Apache OpenOffice (AOO) Bugzilla – Issue 86288
TXT: Urdu (Unicode 16) encoded text file not recognized correctly anymore
Last modified: 2017-05-20 11:15:20 UTC
I have a collection of text files that contain text in various languages, e.g. Arabic, Pashto, Urdu, Farsi, Russian, Chinese etc. These documents are either in the UTF-8 or UTF-16 encoding. I need to write a Basic macro that will load a file and export it into PDF. The default loading operation such as this oDoc = StarDesktop.loadComponentFromURL( cInURL, "_blank", 0, _ Array(MakePropertyValue( "Hidden", True ),)) works for some files but not for others. For instance, it seems to correctly load Arabic files but not Urdu. This seems to be related to the issue #63077 (http://qa.openoffice.org/issues/show_bug.cgi?id=63077) which has been reported a while ago. Has it been resolved in the release 2.3.X? In other words, is it possible to correctly load a UTF-8 or -16 encoded text file with BOM without explicitly specifying the encoding? Thank you.
Created attachment 51617 [details] Sample UTF-16 file that is loaded incorrectly
It is quite difficult to recognize a correct encoding of a txt file's content automatically. In OO 2.2 the attached file was displayed correctly, but this seemed to happen quite randomly in this case. MRU->MBA: a good time think about the txt handling when NO filter is preselected.

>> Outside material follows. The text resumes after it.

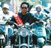 “魔鬼終結(jié)者走上臺(tái)中街頭?”一“立委”候選人顛覆平日的形象,以阿諾施瓦辛格的造型出場(chǎng),引人注目。
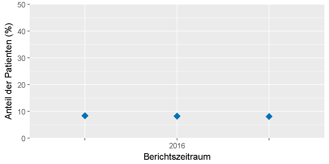Alle teilnehmenden Praxen: 8,2 % (17.838 von 218.554 Patienten). Zu diesem Qualitätsziel ist im Vertrag kein Zielwert festgelegt.

I had problems opening some files that had the standard BOM headers ("EF-BB-BF" for UTF-8 and "FF-FE" for UTF-16). I will attach the PDF file that was generated from the document "Urdu_sample_UTF16.txt" that I'd attached earlier. As you will see, the formatting is incorrect. A similar PDF generated from an Arabic text file in UTF-16 was fine. The bad formatting may have to do more with the actual Urdu Unicode characters than with the encoding itself, but still the question is whether it's possible to correctly load a UTF-8/-16 text file with BOM correctly regardless of what characters appears in the file.
Created attachment 51637 [details] PDF file from UTF-16 Urdu document -- bad formatting
target 3.x.
Reset assigne to the default "issues@openoffice.apache.org".